Task data –
··········

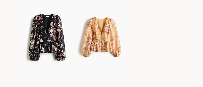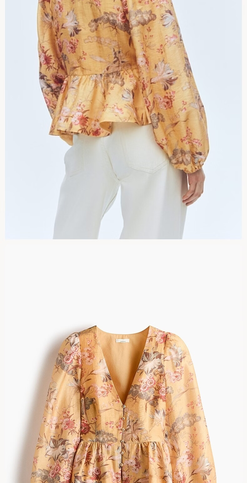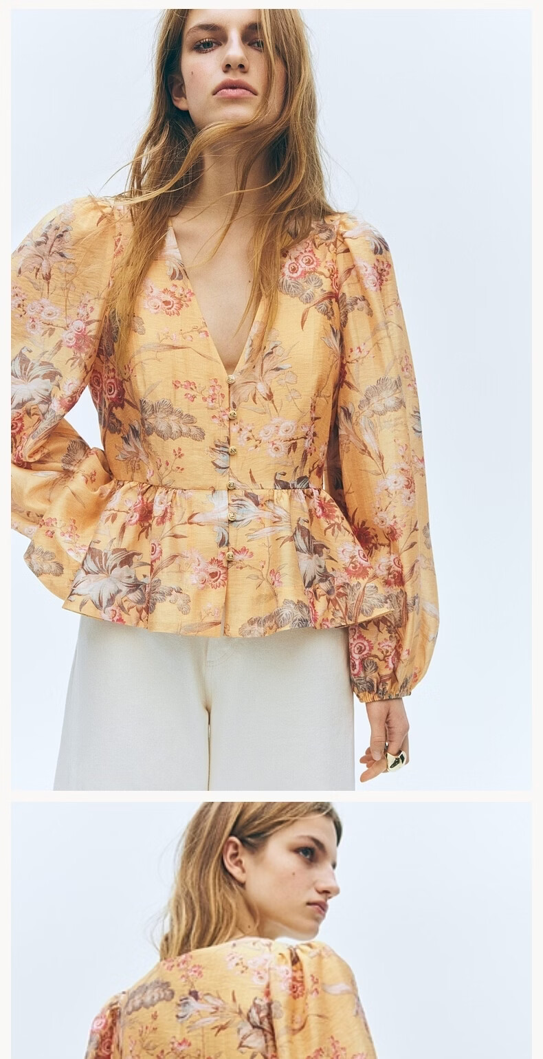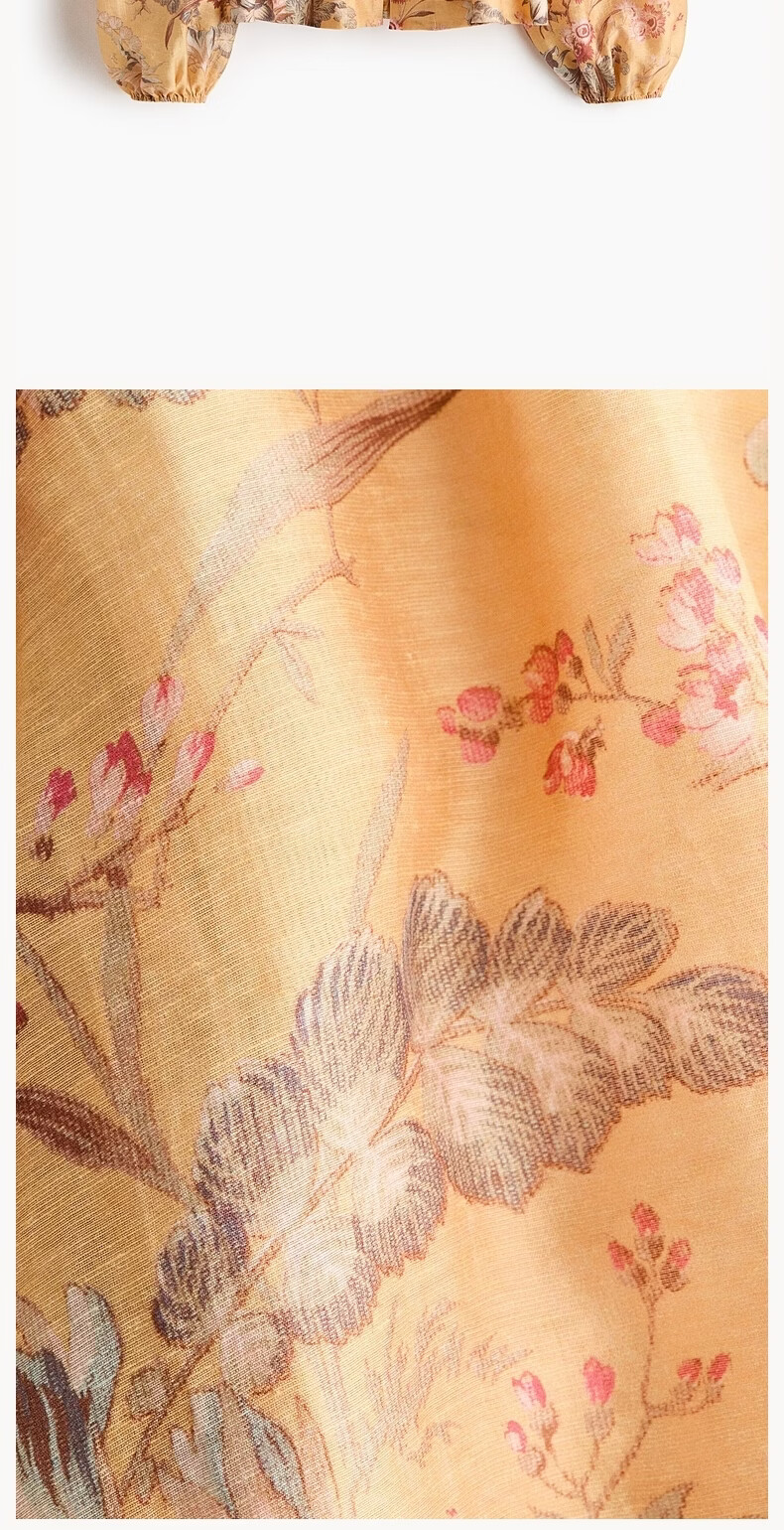 H&M2026 Spring New Women's Linen Blended Skirt Hem Top 1321285 Black/Floral XS 155/80
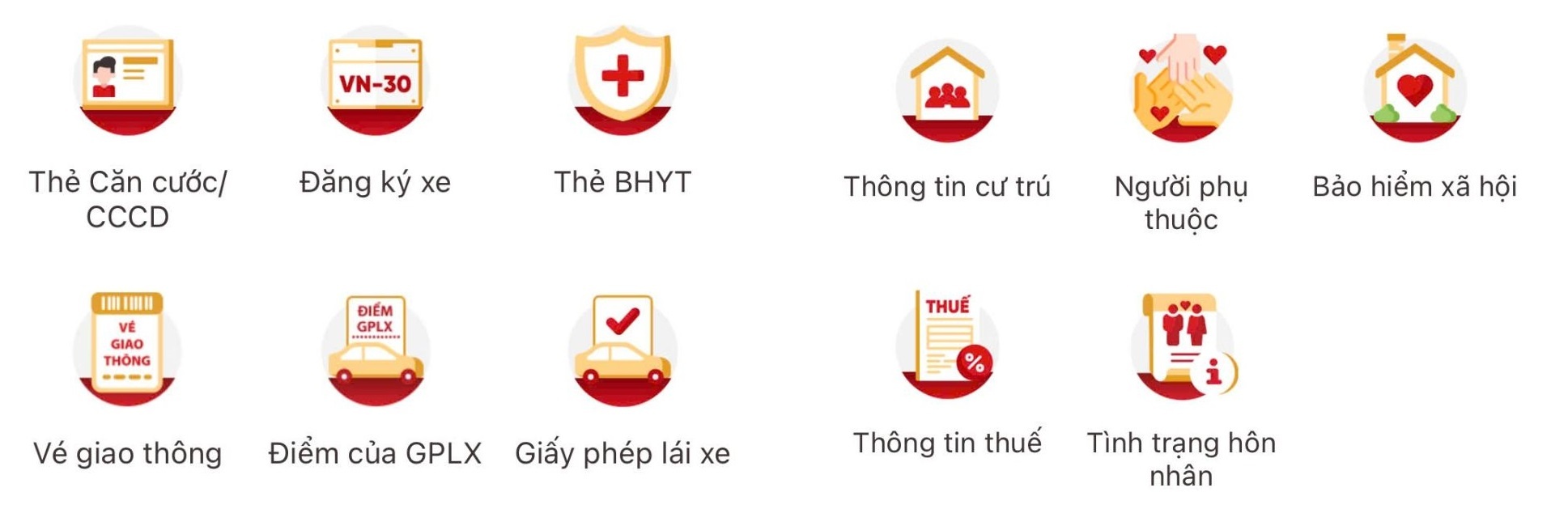 Với định danh mức 1 trên VNeID, người dân có thể khai báo y tế lẫn tiêm chủng. Với mức 2, ứng dụng có thể tích hợp nhiều giấy tờ quan trọng để sử dụng thay bản cứng, gồm căn cước công dân, giấy tạm trú, tạm vắng, giấy phép lái xe, đăng ký xe, mã số bảo hiểm xã hội, người phụ thuộc, tình trạng hôn nhân.
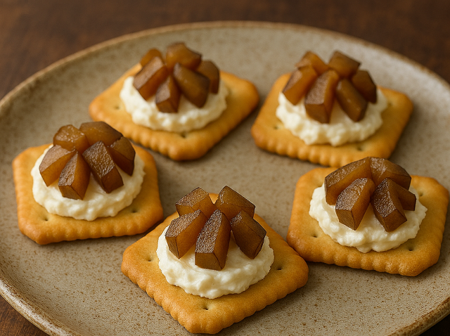 なるほど、香ばしいクラッカーの上にフレッシュで濃厚なチーズ、更に薫香と歯応え、かすかな甘味が特徴のいぶりがっこ・・・合うでしょうね。
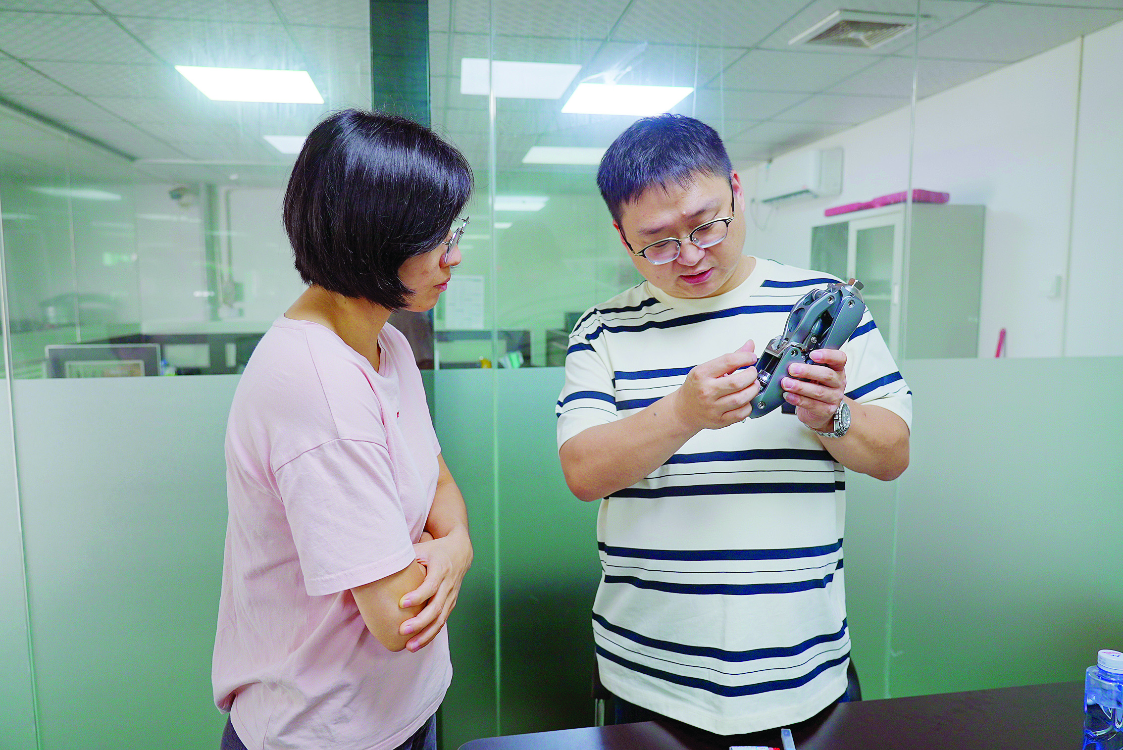 盛鑫(右)向記者介紹公司最新研發的假肢產品。
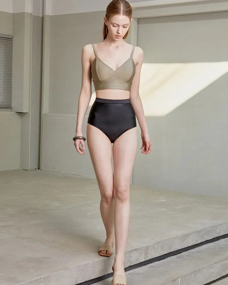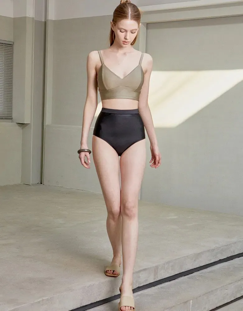 ANZ韓網代購🇰🇷VIKINIVENDER 好萊塢高腰比基尼 卡其灰色
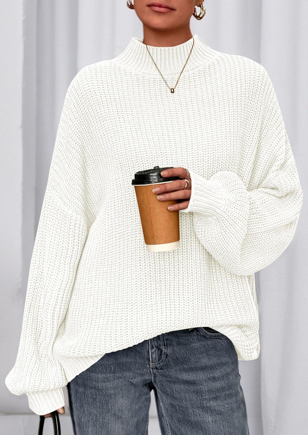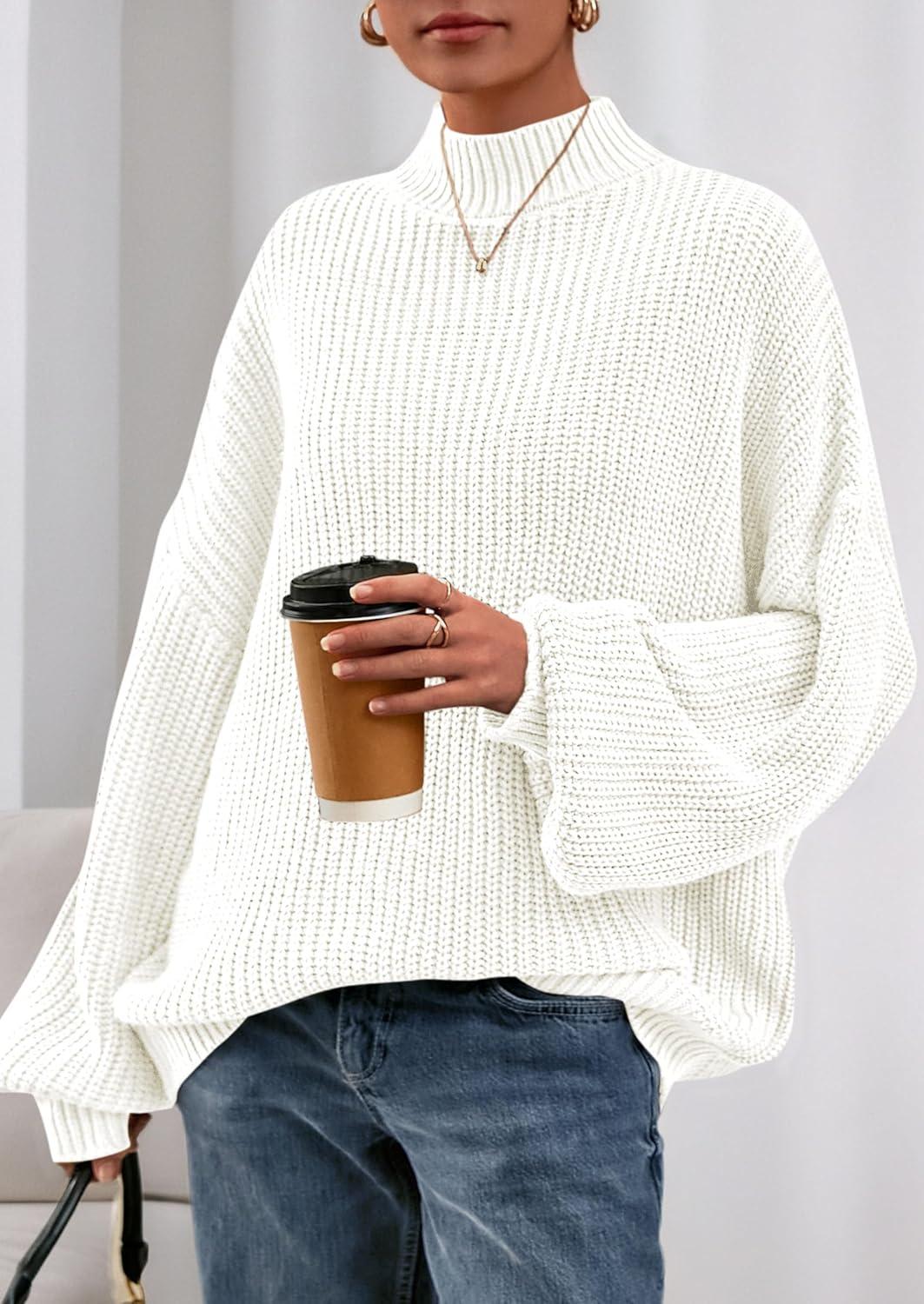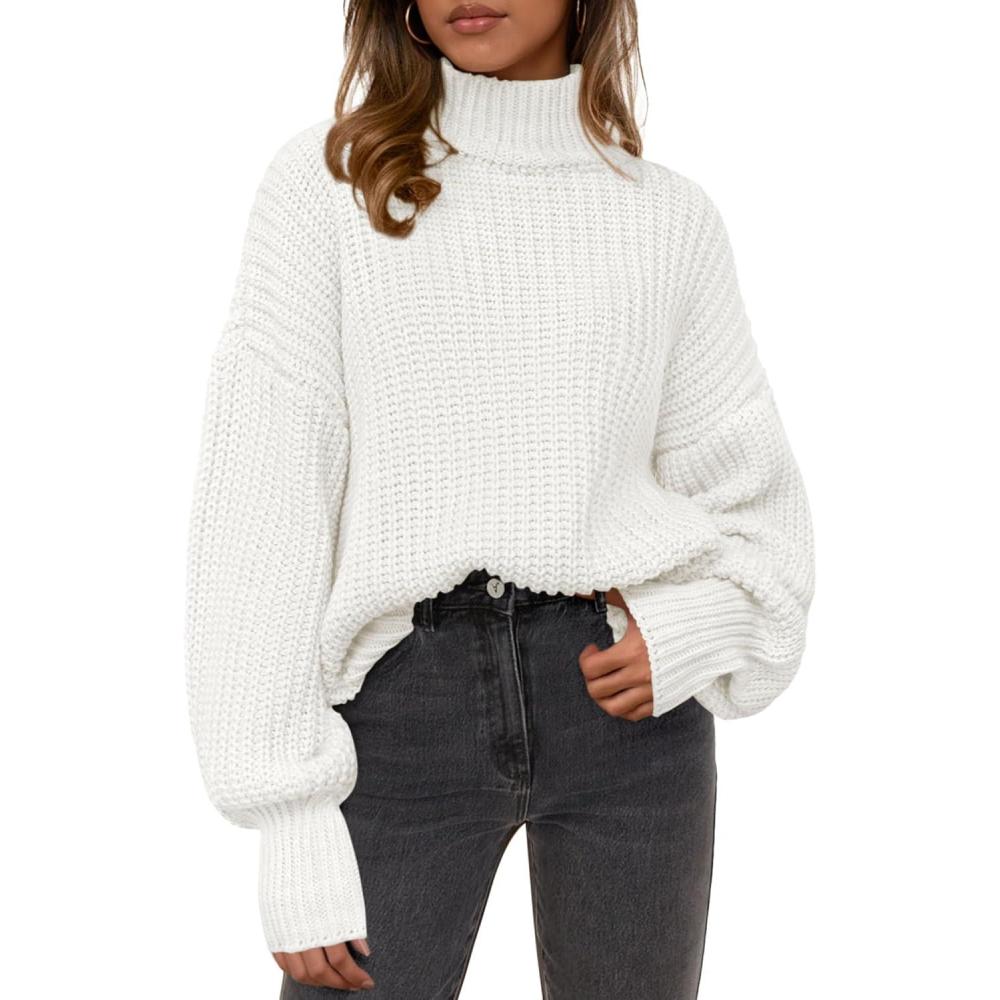 PRETTYGARDEN Fall Oversized Sweaters for Women 2025 Chunky Knit Long Sleeve Turtle Neck Pullover Tops Cozy Winter Clothing(White)
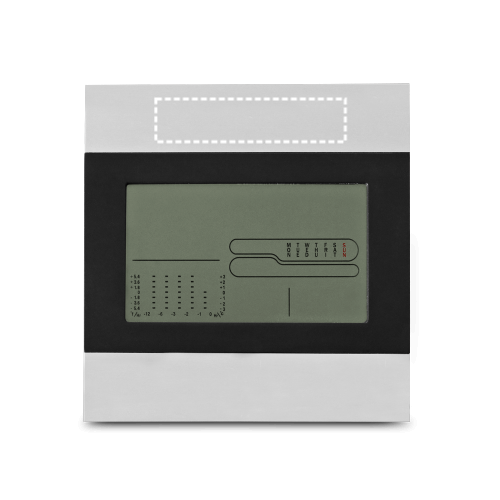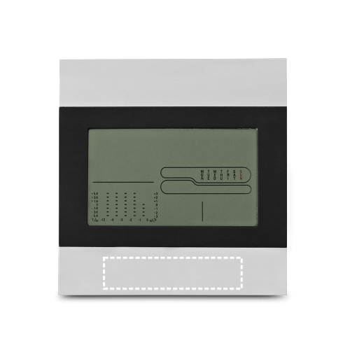 Stazione meteorologica da tavolo con schermo LCD in alluminio e ABS. Include funzioni di orologio, sveglia, calendario, termometro e misurazione dell'umidità. Include 2 batterie AAA. Fornita in una confezione regalo bianca. 130 x 130 x 19 mm
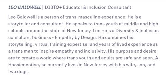 Leo Caldwell runs an LGBTQ+ training consultancy aimed at school kids, which appears not to be an established business since I could only find a link on Facebook and the business has had little in the way of interaction with other accounts. Interestingly one of the bonuses of the training offered is that it requires ‘little to no parental assistance’. Quel sorprise.

··········

Look above for the line with "盛鑫(右)向記者介紹公司最新研發的假肢產品。" and the line with "PRETTYGARDEN Fall Oversized". Give again exactly those two lines and all lines between them, pictures excluded.

Written solution –
 盛鑫(右)向記者介紹公司最新研發的假肢產品。
 ANZ韓網代購🇰🇷VIKINIVENDER 好萊塢高腰比基尼 卡其灰色
 PRETTYGARDEN Fall Oversized Sweaters for Women 2025 Chunky Knit Long Sleeve Turtle Neck Pullover Tops Cozy Winter Clothing(White)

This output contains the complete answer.